Invisible Frameworks


15


Eliezer_Yudkowsky

Followup toPassing the Recursive Buck, No License To Be Human

Roko has mentioned his "Universal Instrumental Values" several times in his comments.  Roughly, Roko proposes that we ought to adopt as terminal values those things that a supermajority of agents would do instrumentally.  On Roko's blog he writes:

I'm suggesting that UIV provides the cornerstone for a rather new approach to goal system design. Instead of having a fixed utility function/supergoal, you periodically promote certain instrumental values to terminal values i.e. you promote the UIVs.

Roko thinks his morality is more objective than mine:

It also worries me quite a lot that eliezer's post is entirely symmetric under the action of replacing his chosen notions with the pebble-sorter's notions. This property qualifies as "moral relativism" in my book, though there is no point in arguing about the meanings of words.

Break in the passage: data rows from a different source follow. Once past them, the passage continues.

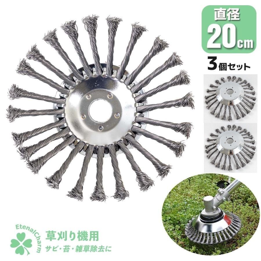 - 【送料無料】草刈り機 ブラシ カッター 3個セット 草削り 草刈機 芝刈り機 スチール ワイヤー 交換 汎用 アスファルト 苔 雑草 除去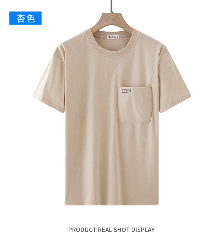 纯棉中老年短袖t恤男中年爸爸夏季汗衫50到70岁休闲宽松半袖上衣 咖啡色+卡其绿 108口袋 L 建议120-135斤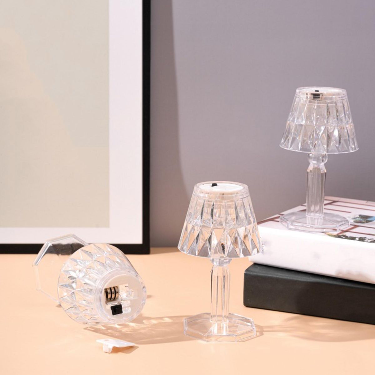 Our versatile and portable table lamp, the perfect lighting solution for any space. this cordless lamp is designed to be taken with you wherever you go, providing just the right amount of light without being overpowering. with three color-changing lights white, warm, and natural light this led table lamp is made from high-quality acrylic crystal material. the lampshade features a finely polished appearance and a crystal-like cut surface, creating a stunning design that adds warmth and elegance to any room.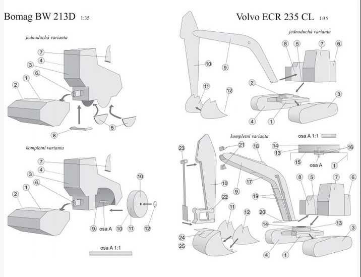 Jednoduché vystřihovánky 2 stavebních strojů. V sešitě vystřihovánky najdete pásové rypadlo s označením Volvo ECR 235 CL a dále Bomag BW 213 D.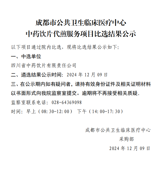 【成都市公共卫生临床医疗中心】四川省成都市公共卫生临床医疗中心中药饮片代煎服务采购项目结果公示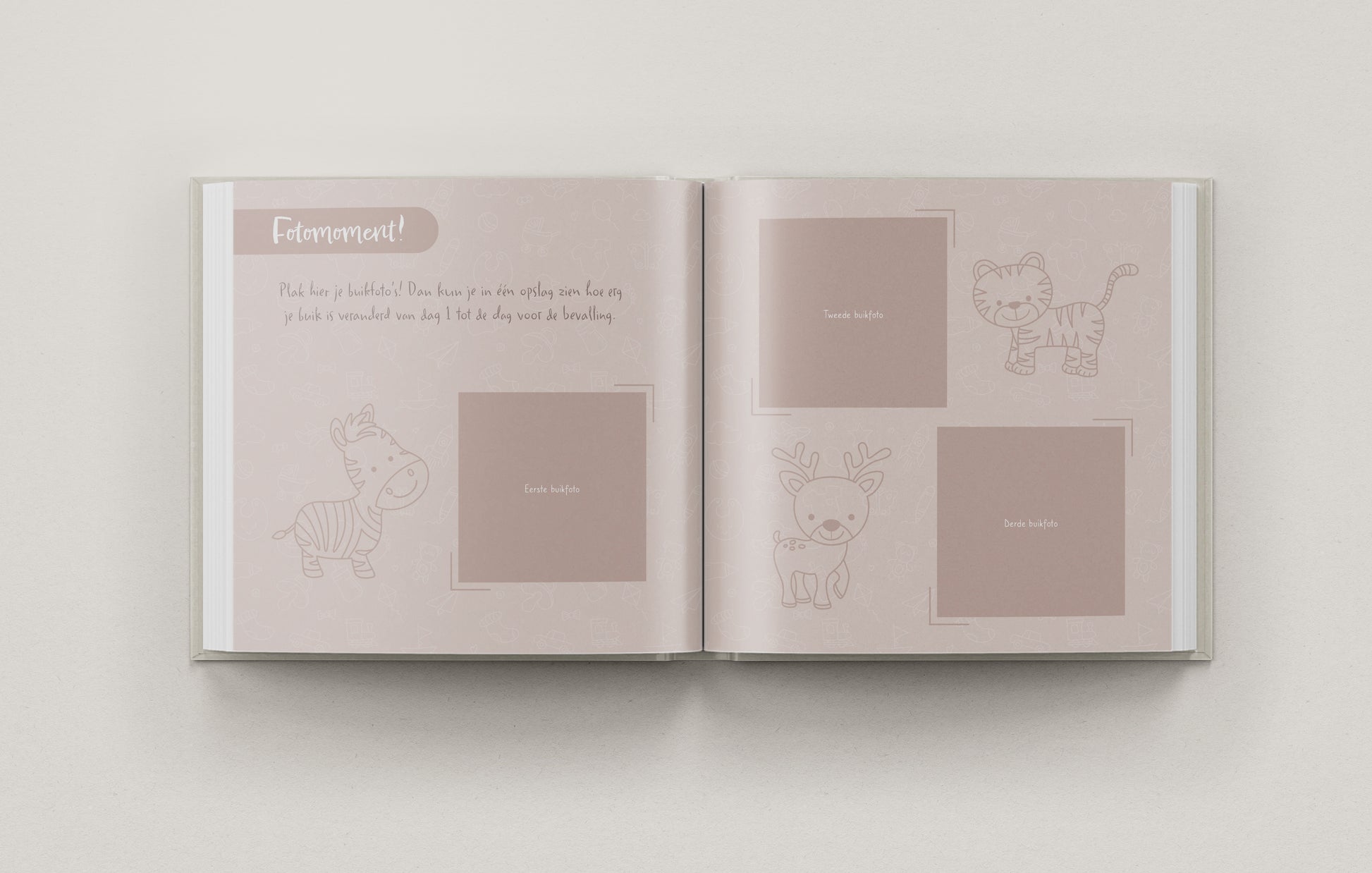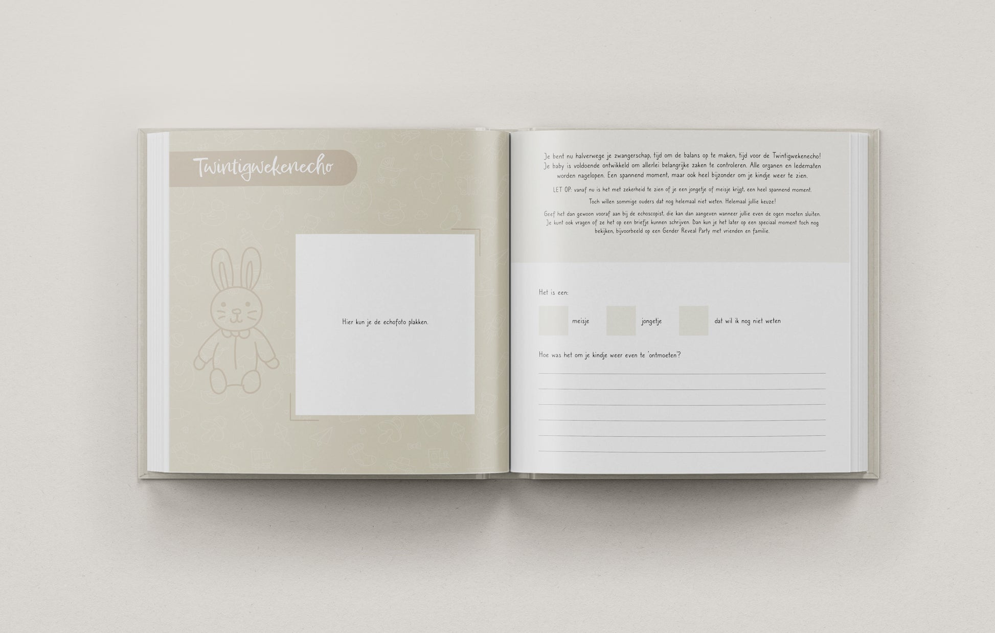Het boek sluit af met een bijzonder laatste invulmoment, inclusief ruimte voor een foto samen met je kind en partner, een waardevolle herinnering aan het begin van jullie verhaal.

My posts on universal instrumental values are not symmetric under replacing UIVs with some other set of goals that an agent might have. UIVs are the unique set of values X such that in order to achieve any other value Y, you first have to do X.

Well, and this proposal has a number of problems, as some of the commenters on Roko's blog point out.

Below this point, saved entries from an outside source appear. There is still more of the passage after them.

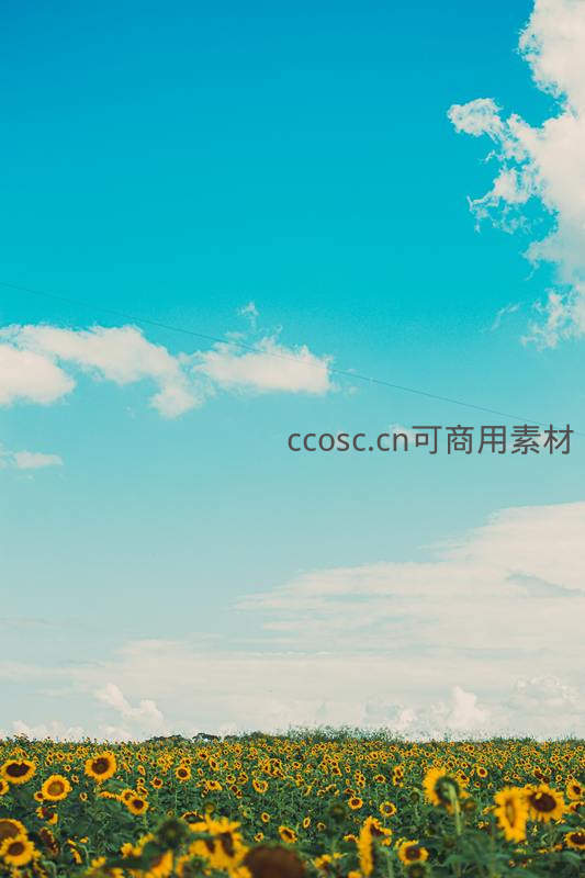 湛蓝的天空点缀着朵朵白云,下方是连绵不绝的向日葵花田,构图简洁大气,传递出开阔、宁静与自然之美的视觉享受。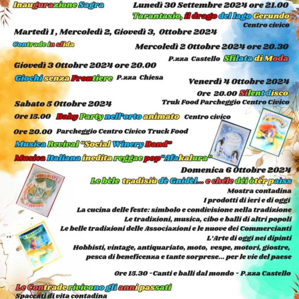 Torna la consueta sagra di Ottobre che quest’anno vedrà il paese coinvolto in otto giorni di festa. Dal 29 Settembre al 7 Ottobre musica, eventi culturali, sfilate e giochi si susseguiranno per dar vita ad una sagra senza precedenti, in cui le contrade saranno nuovamente le principali protagoniste.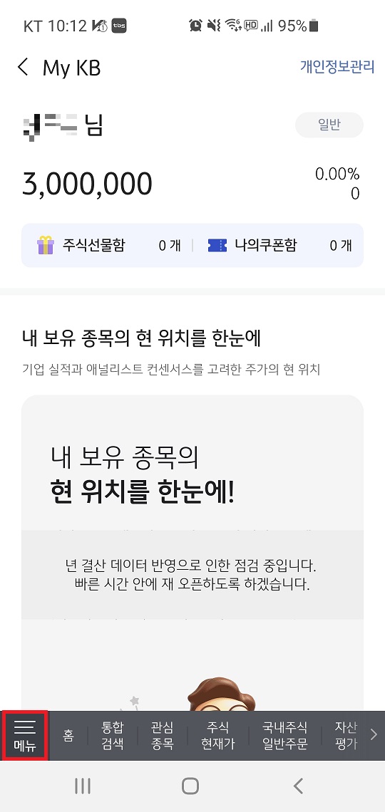 1. 20주를 청약하기 위해서 3백만원을 준비했고, KB증권앱(MTS) 화면 하단의 메뉴를 터치합니다.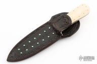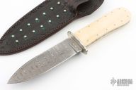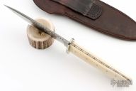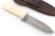 This knife by CJ Deubel features a Devon Thomas Ladder Pattern Damascus blade with fileworked spine, .140" blade stock and 1.267" blade depth, full tapered tang construction. The handle has a nickel silver guard with fileworked edges, giraffe bone scales with nickel silver pins, fileworked tang. Comes with a hand tooled black leather sheath. Excellent condition.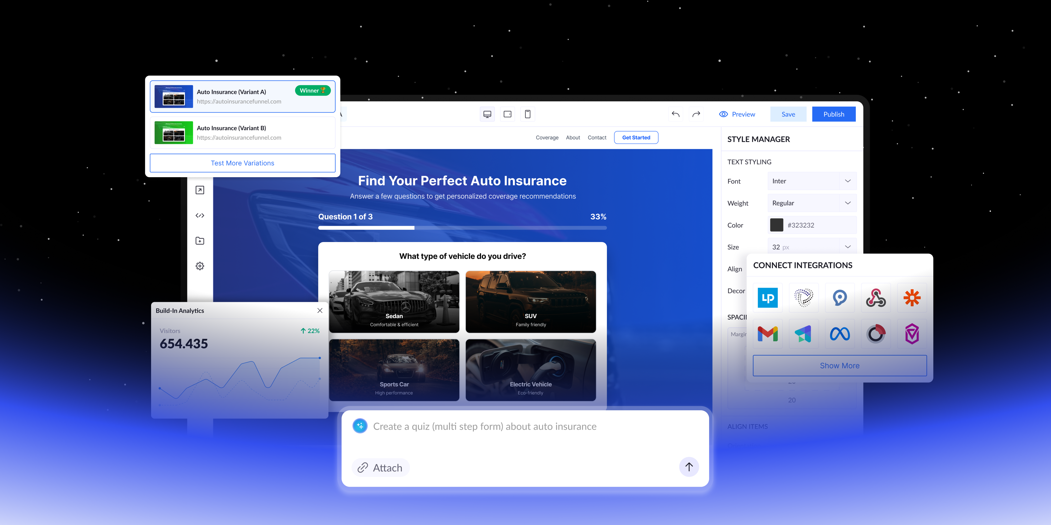 LanderLab é um tipo de construtor de páginas de destino e software de geração de leads que ajuda os usuários a criar, publicar e otimizar páginas de destino e funis para campanhas de marketing digital. A plataforma permite que os profissionais de marketing e empresas projetem páginas de destino, coletem leads de visitantes e distribuam esses leads para sistemas de marketing, rastreamento ou CRM sem exigir codificação ou configuração técnica complexa.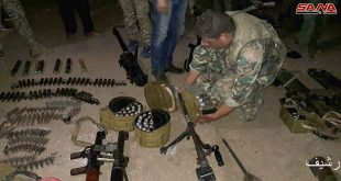 حماة-سانا عثرت الجهات المختصة خلال تمشيطها تلول الحمر بريف حماة على مستودع أسلحة وذخيرة وقذائف من مخلفات الإرهابيين من بينها صواريخ “تاو” أمريكية الصنع. وذكر مراسل سانا في حماة أن عناصر الهندسة في الجهات المختصة وخلال تمشيط تلول الحمر لرفع …

For a start, Roko actually says "universal", not "supermajority", but there are no actual universal actions; no matter what the green button does, there are possible mind designs whose utility function just says "Don't press the green button."  There is no button, in other words, that all possible minds will press.  Still, if you defined some prior weighting over the space of possible minds, you could probably find buttons that a supermajority would press, like the "Give me free energy" button.

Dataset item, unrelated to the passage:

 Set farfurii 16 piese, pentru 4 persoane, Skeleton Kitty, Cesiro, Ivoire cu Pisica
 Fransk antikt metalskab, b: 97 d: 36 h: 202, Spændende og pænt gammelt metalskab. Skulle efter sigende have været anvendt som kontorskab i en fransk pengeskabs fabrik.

But to do nothing except press such buttons, consists of constantly losing your purposes. You find that driving the car is useful for getting and eating chocolate, or for attending dinner parties, or even for buying and manufacturing more cars.  In fact, you realize that every intelligent agent will find it useful to travel places.  So you start driving the car around without any destination.  Roko hasn't noticed this because, by anthropomorphic optimism, he mysteriously only thinks of humanly appealing "UIVs" to propose, like "creativity".

Let me guess, Roko, you don't think that "drive a car!" is a "valid" UIV for some reason?  But you did not apply some fixed procedure you had previously written down, to decide whether "drive a car" was a valid UIV or not.  Rather you started out feeling a moment of initial discomfort, and then looked for reasons to disapprove.  I wonder why the same discomfort didn't occur to you when you considered "creativity".

But let us leave aside the universality, appeal, or well-specified-ness of Roko's metaethics.

Let us consider only Roko's claim that his morality is more objective than, say, mine, or this marvelous list by William Frankena that Roko quotes SEP quoting:

Life, consciousness, and activity; health and strength; pleasures and satisfactions of all or certain kinds; happiness, beatitude, contentment, etc.; truth; knowledge and true opinions of various kinds, understanding, wisdom; beauty, harmony, proportion in objects contemplated; aesthetic experience; morally good dispositions or virtues; mutual affection, love, friendship, cooperation; just distribution of goods and evils; harmony and proportion in one's own life; power and experiences of achievement; self-expression; freedom; peace, security; adventure and novelty; and good reputation, honor, esteem, etc.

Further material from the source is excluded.